That, in turn, could help reverse a worrisome "brain drain" of young adults, who are deciding to make their careers elsewhere, said engineering executive James R. Thomas Jr., president of the Greater Salisbury Committee. About one-third of the work force at Wallops, primarily higher-end earners, goes home each night to nearby Maryland, which offers more amenities than rural Virginia.
The immediate future of the spaceport hinges on Orbital's ability to clear a series of hurdles required to keep government money flowing for the space-station supply missions. The company has encountered delays in developing its Taurus II rocket, and the date of an initial test flight from Wallops has slipped by three months, from December 2010 to March 2011.
A June 16 report by the Government Accountability Office, the investigative arm of Congress, gave a guarded assessment of the work by NASA's commercial partners (another private company, Space Exploration Technologies Corp., based at Cape Canaveral, will also fly cargo missions). An earlier GAO report had expressed concern that the new cargo ships would not be ready in time to supply food, spare parts, water and scientific materials to the space station.
Orbital "faces challenges completing development in time" for its test flight, with "little margin" for overcoming unexpected snags, the GAO concluded.

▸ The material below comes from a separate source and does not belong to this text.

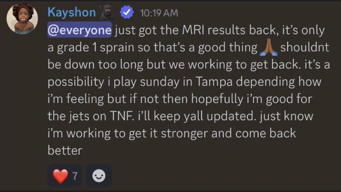 On his Discord sever, Kayshon Boutte announced that he suffered a shoulder sprain but still might be able to play against the Bucs.

If the private companies miss their tight schedules, NASA's space station mission would have to be scaled back, the report added.
"To be perfectly candid, this is rocket science. It is hard," said Barry Beneski, an Orbital spokesman. "We're not trying to sugar-coat that."
Indeed, the commercial space business remains a high-risk industry with an uncertain future. Less than two weeks ago, Sea Launch Co., which launches rockets for commercial satellite companies from a floating platform on the equator, filed for Chapter 11 bankruptcy protection.
MARS is building its launch pad for the space station missions on the exact spot where the spaceport's first commercial rocket customer flopped in 1995. Less than a minute into its flight, the Conestoga rocket malfunctioned, ending a $75 million private venture.
Looking ahead, spaceport officials would like to expand their operations into human space flight, capturing business from private companies like Richard Branson's Virgin Galactic, which wants to send wealthy travelers on suborbital trips from sites in California and New Mexico.
Taking humans into orbit from Wallops, such as crew missions to the space station, isn't in the cards at the moment, though Congress has authorized money for a commercial demonstration project.
"Not soon," said Strain, Goddard's director. "To duplicate here all the resources that Kennedy has probably would not be the best use of taxpayer money."
But, he added, "Never is a long time."